Task requirements:
Please write out all the entries exactly, without the pictures.

[Start of Attachment]

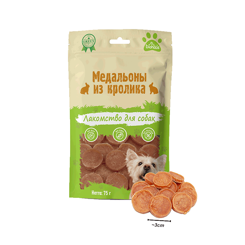 Хрустящие медальоны из нежнейшей крольчатины — идеальная форма для дрессировки: щенок мгновенно фокусируется на награде! Бережная сушка сохраняет природный аромат и гипоаллергенную пользу кролика. Каждый кусочек в порционном пакете — словно только из печи: максимум хруста, ноль окисления. Подарите питомцу восторг чистой свежести и здоровой мотивации!
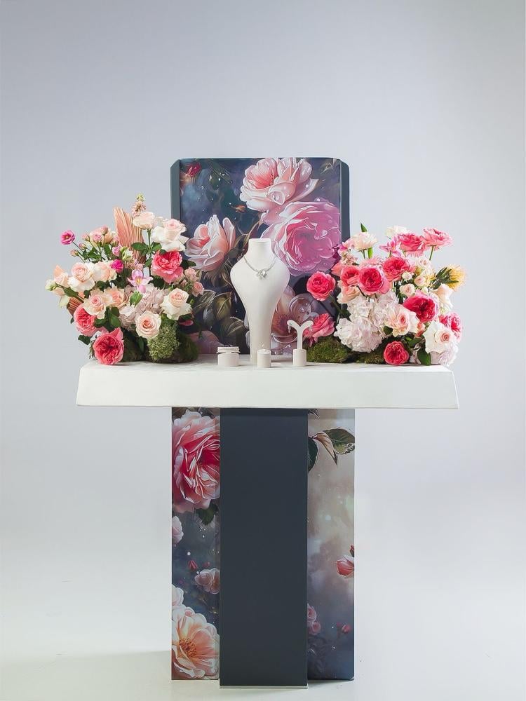 زهور صغيرة تم اختيارها بعناية لتكمل التنسيق وتُضفي لمسة من الدفء والأنوثة الراقية.
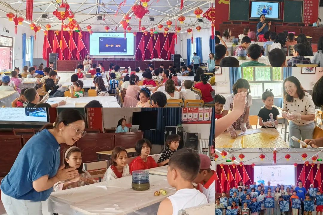 活动中,在邹艳波老师的引导下,孩子们一起观看了关于扎染艺术的历史起源和制作工艺的视频,聆听了宇航员王亚平讲授的天宫课堂“太空扎染:传统文化与现代科技的美妙融合”,然后就急不可待地投入了做扎染的活动中,他们尽情展示无限创意,一个个独特的艺术灵感变得具象化,一幅幅美丽的作品从手中诞生。孩子们不仅从传统手艺中觉察到“毛细现象”和“虹吸原理”,也感受了非遗之美和文化之韵。
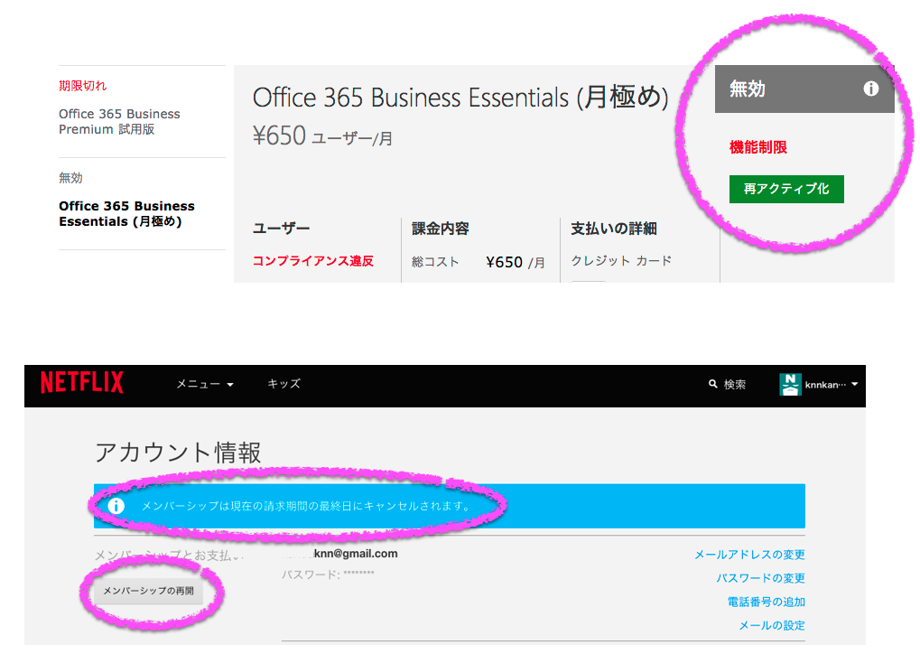 そして、解約したユーザーには、主語がないまま『無効』とか『機能制限』というネガティブなワードが露出している。
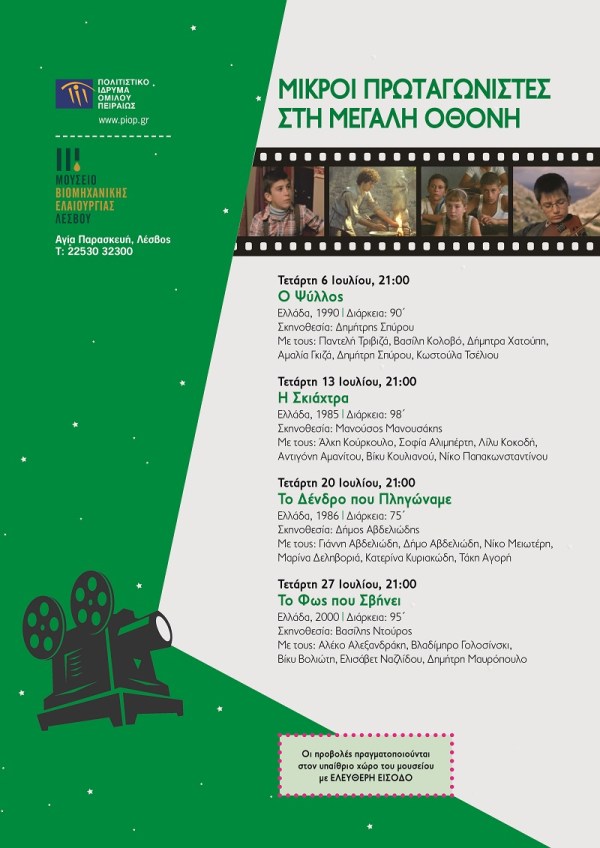 Το Πολιτιστικό Ίδρυμα Ομίλου Πειραιώς (ΠΙΟΠ) οργανώνει, τις Τετάρτες του Ιουλίου (ώρα 21:00), θερινό κινηματογραφικό αφιέρωμα με τίτλο «Μικροί πρωταγωνιστές στη μεγάλη οθόνη», για μικρούς και μεγάλους, στον υπαίθριο χώρο του Μουσείου Βιομηχανικής Ελαιουργίας Λέσβου. Το πρόγραμμα περιλαμβάνει αξιόλογες ελληνικές ταινίες με παιδιά σε πρωταγωνιστικούς ρόλους από τα 80’s αλλά και μεταγενέστερα. Η είσοδος είναι... Continue Reading →
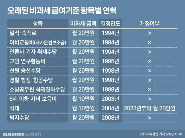 하지만 식대 외에도 10년 혹은 20년 이상 물가변동 반영 없이 고정된 비과세 급여항목들도 많은 것으로 확인됐다.
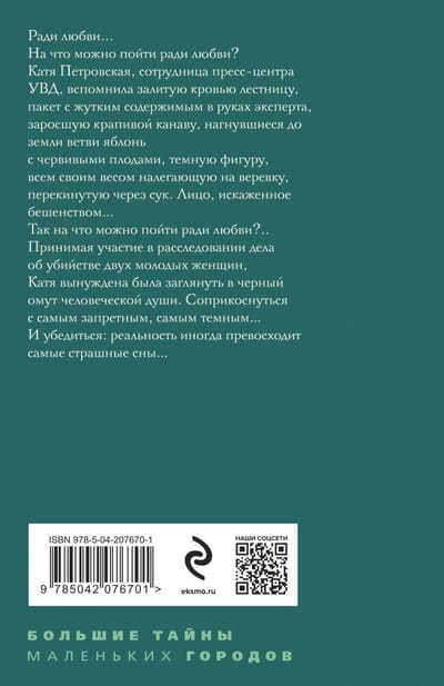 Катя Петровская, сотрудница Пресс-центра УВД, вспомнила залитую кровью лестницу, пакет с его жутким содержимым в руках эксперта, заросшую крапивой канаву, нагнувшиеся до земли ветви яблонь с червивыми плодами, темную фигуру, всем своим весом налегающую на веревку, перекинутую через сук. Лицо, искаженное бешенством…

[End of Attachment]

Task response:
 Хрустящие медальоны из нежнейшей крольчатины — идеальная форма для дрессировки: щенок мгновенно фокусируется на награде! Бережная сушка сохраняет природный аромат и гипоаллергенную пользу кролика. Каждый кусочек в порционном пакете — словно только из печи: максимум хруста, ноль окисления. Подарите питомцу восторг чистой свежести и здоровой мотивации!
 زهور صغيرة تم اختيارها بعناية لتكمل التنسيق وتُضفي لمسة من الدفء والأنوثة الراقية.
 活动中,在邹艳波老师的引导下,孩子们一起观看了关于扎染艺术的历史起源和制作工艺的视频,聆听了宇航员王亚平讲授的天宫课堂“太空扎染:传统文化与现代科技的美妙融合”,然后就急不可待地投入了做扎染的活动中,他们尽情展示无限创意,一个个独特的艺术灵感变得具象化,一幅幅美丽的作品从手中诞生。孩子们不仅从传统手艺中觉察到“毛细现象”和“虹吸原理”,也感受了非遗之美和文化之韵。
 そして、解約したユーザーには、主語がないまま『無効』とか『機能制限』というネガティブなワードが露出している。
 Το Πολιτιστικό Ίδρυμα Ομίλου Πειραιώς (ΠΙΟΠ) οργανώνει, τις Τετάρτες του Ιουλίου (ώρα 21:00), θερινό κινηματογραφικό αφιέρωμα με τίτλο «Μικροί πρωταγωνιστές στη μεγάλη οθόνη», για μικρούς και μεγάλους, στον υπαίθριο χώρο του Μουσείου Βιομηχανικής Ελαιουργίας Λέσβου. Το πρόγραμμα περιλαμβάνει αξιόλογες ελληνικές ταινίες με παιδιά σε πρωταγωνιστικούς ρόλους από τα 80’s αλλά και μεταγενέστερα. Η είσοδος είναι... Continue Reading →
 하지만 식대 외에도 10년 혹은 20년 이상 물가변동 반영 없이 고정된 비과세 급여항목들도 많은 것으로 확인됐다.
 Катя Петровская, сотрудница Пресс-центра УВД, вспомнила залитую кровью лестницу, пакет с его жутким содержимым в руках эксперта, заросшую крапивой канаву, нагнувшиеся до земли ветви яблонь с червивыми плодами, темную фигуру, всем своим весом налегающую на веревку, перекинутую через сук. Лицо, искаженное бешенством…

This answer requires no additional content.